Transcribe exactly the lines from the one holding "จัดให้ พิเศษ สั่ง" through the closing line of the entries below. Pictures stay out of the copy.

--------------------------------------------------

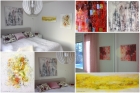 Maalaukset Kutsuu, Auringon kehrä, Tuulen kukat ja Pilke pääsivät kodikkaaseen miljööseen. Kokonaisuus on rauhallisen harmoninen
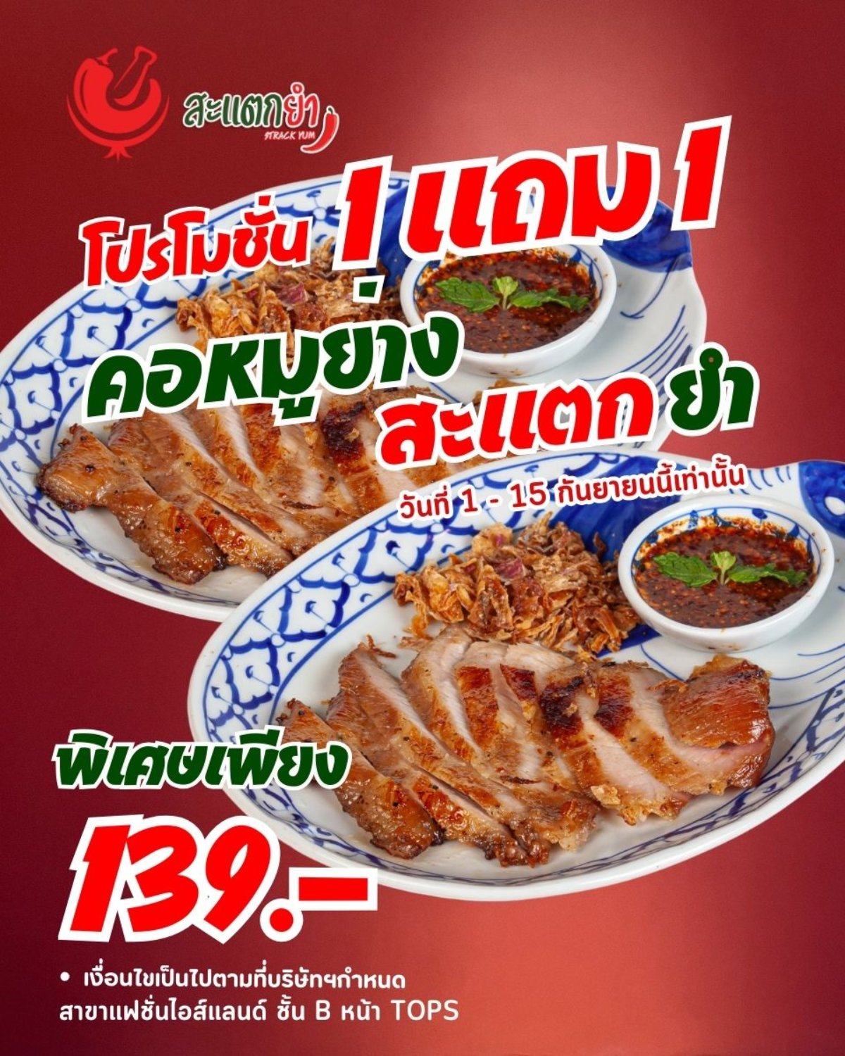 จัดให้ พิเศษ สั่ง “คอหมูย่าง” สะแตกยำ 1 จาน #รับฟรีทันที 1 จาน ในราคาเพียง 139.- เท่านั้น
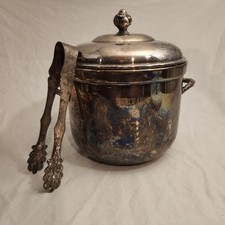 Vintage Antique Cut Glass Silver Plate Ice Bucket and Tongs
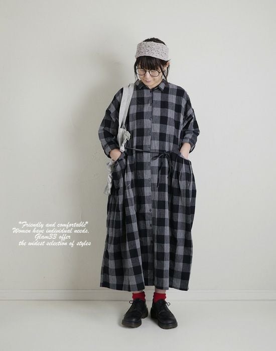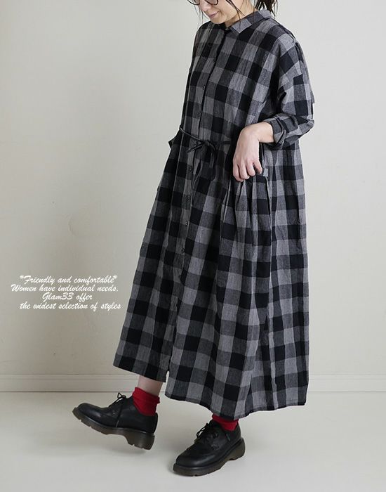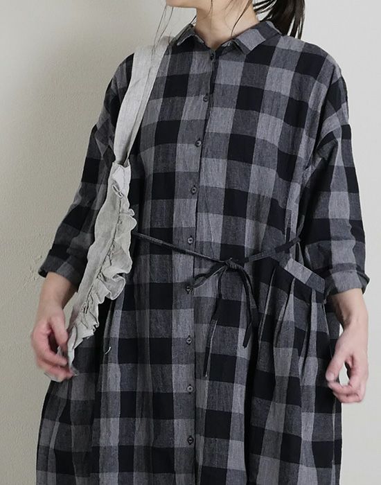 【セール】 LINTY リンティ 019523-ch コットンリネンチェックバックプリーツコートワンピース
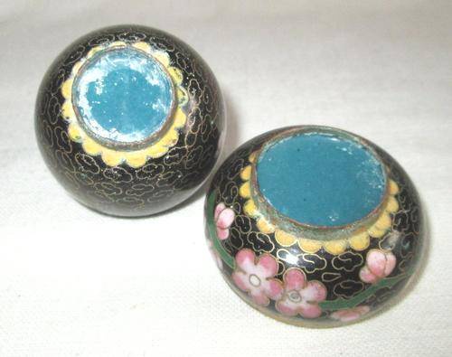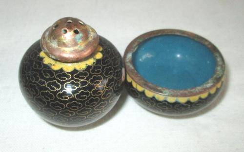 Vintage pair of Peach Blossom Cloisonne Salts. This lovely set consists of an open salt ( 4.4 cm in diameter, 2 cm high ) and a shaker ( 4.5 cm high ). Both are decorated in beautiful peach blossoms.
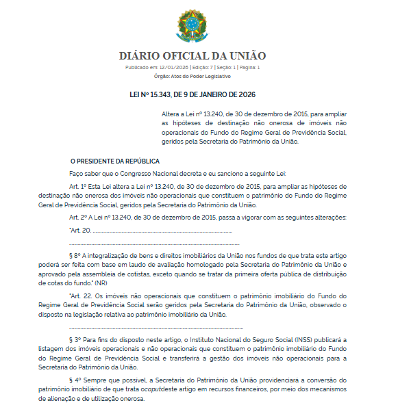 Imóveis públicos atualmente sem uso poderão passar a ter destinação social em áreas urbanas de todo o Brasil. Foi sancionada pelo presidente Lula e publicada no Diário Oficial da União (DOU) desta segunda-feira (12/1) a Lei 15.343, que autoriza o uso gratuito de bens ociosos ligados ao Fundo do Regime Geral de Previdência Social para ações de interesse público.
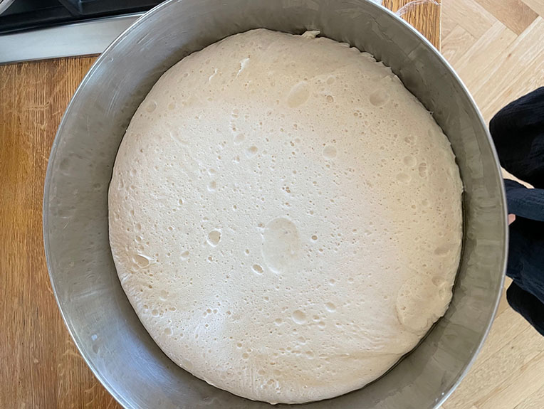 - Scoateti tava din frigider si lasati-l la crescut la loc caldut inca 1.5 ore, cat sa revina la temperatura camerei si sa mai creasca.
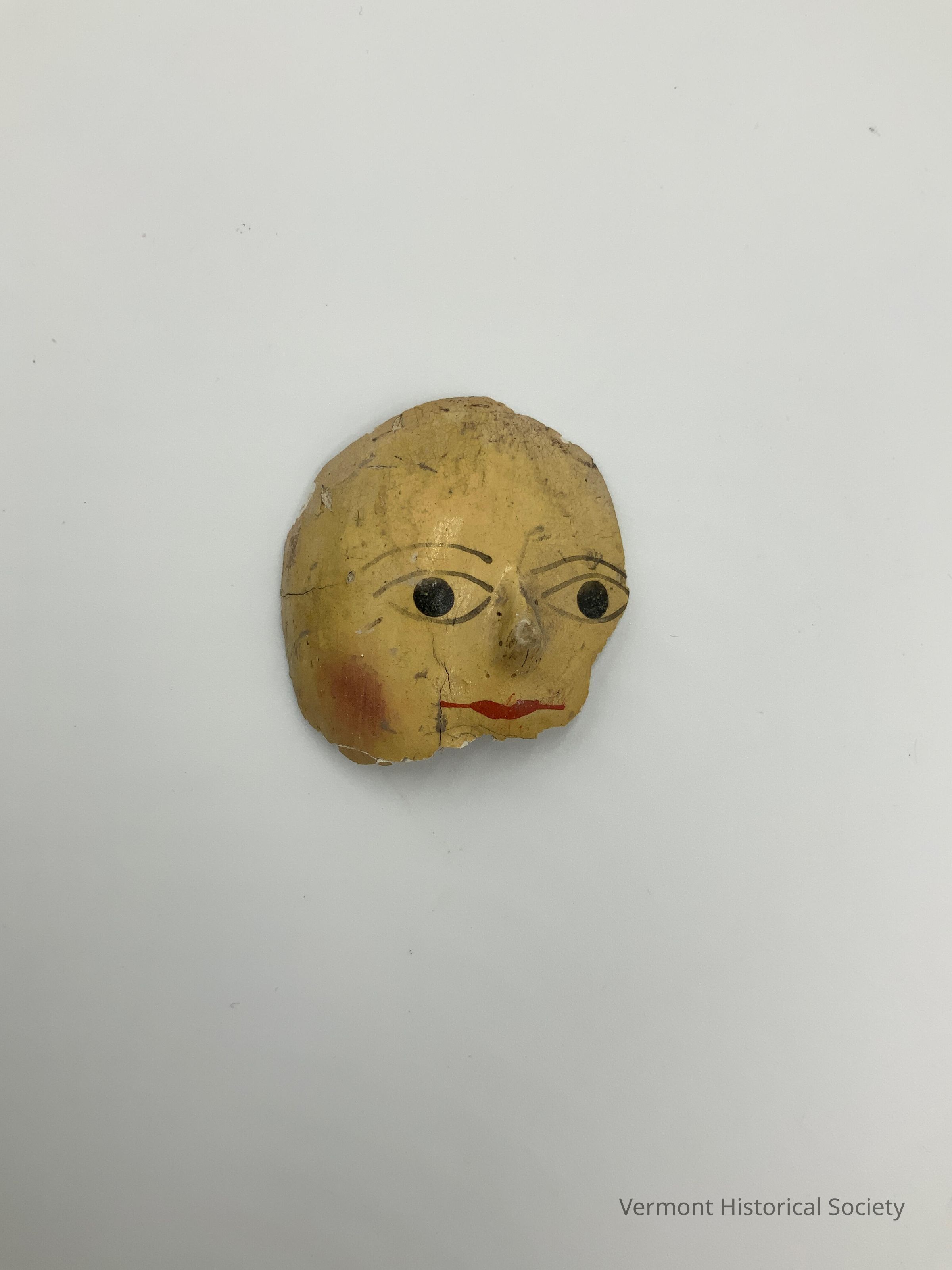This face is a from a doll that dates to the early nineteenth century that took heavy damage during the Great Vermont Flood of 1927 in Montpelier, VermontAcquisition
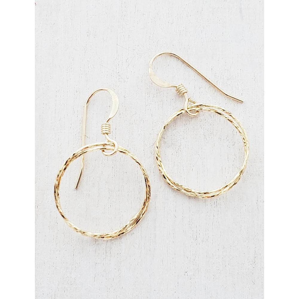 Gorgeous gold over sterling silver diamond circle cut loop. These earrings are sophisticated and still maintain and elegant simplicity. Earrings have never been so perfect!
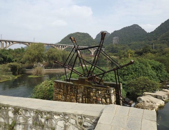 (2)上水河灘景觀:該景觀由蛇狀河曲、河牛2個小島及1個大島、水輾、小橋、上水村寨、孤丘組成。河曲竹木夾巖,綠島相間,上水村依山面水,孤丘(比高40米)屹立河畔,其襯景、對景效果好。
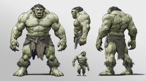 question:concept sketch of a stylized 3d brute ogre, cloth cave-man clothing, muscular body, green skin, angry eyes, inflated nose, angry and scary, character turn-around sheet --ar 16:9
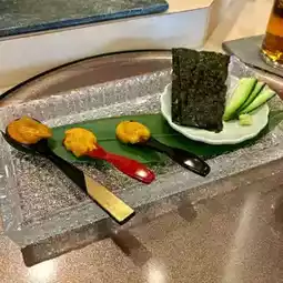 In the sea urchin tasting, you can choose your favorite from Hokkaido red sea urchin, purple sea urchin, and Russian red sea urchin, and they will serve it to you in the final gunkan.

--------------------------------------------------

PROBLEM SOLUTION:
 จัดให้ พิเศษ สั่ง “คอหมูย่าง” สะแตกยำ 1 จาน #รับฟรีทันที 1 จาน ในราคาเพียง 139.- เท่านั้น
 Vintage Antique Cut Glass Silver Plate Ice Bucket and Tongs
 【セール】 LINTY リンティ 019523-ch コットンリネンチェックバックプリーツコートワンピース
 Vintage pair of Peach Blossom Cloisonne Salts. This lovely set consists of an open salt ( 4.4 cm in diameter, 2 cm high ) and a shaker ( 4.5 cm high ). Both are decorated in beautiful peach blossoms.
 Imóveis públicos atualmente sem uso poderão passar a ter destinação social em áreas urbanas de todo o Brasil. Foi sancionada pelo presidente Lula e publicada no Diário Oficial da União (DOU) desta segunda-feira (12/1) a Lei 15.343, que autoriza o uso gratuito de bens ociosos ligados ao Fundo do Regime Geral de Previdência Social para ações de interesse público.
 - Scoateti tava din frigider si lasati-l la crescut la loc caldut inca 1.5 ore, cat sa revina la temperatura camerei si sa mai creasca.
This face is a from a doll that dates to the early nineteenth century that took heavy damage during the Great Vermont Flood of 1927 in Montpelier, VermontAcquisition
 Gorgeous gold over sterling silver diamond circle cut loop. These earrings are sophisticated and still maintain and elegant simplicity. Earrings have never been so perfect!
 (2)上水河灘景觀:該景觀由蛇狀河曲、河牛2個小島及1個大島、水輾、小橋、上水村寨、孤丘組成。河曲竹木夾巖,綠島相間,上水村依山面水,孤丘(比高40米)屹立河畔,其襯景、對景效果好。
 question:concept sketch of a stylized 3d brute ogre, cloth cave-man clothing, muscular body, green skin, angry eyes, inflated nose, angry and scary, character turn-around sheet --ar 16:9
 In the sea urchin tasting, you can choose your favorite from Hokkaido red sea urchin, purple sea urchin, and Russian red sea urchin, and they will serve it to you in the final gunkan.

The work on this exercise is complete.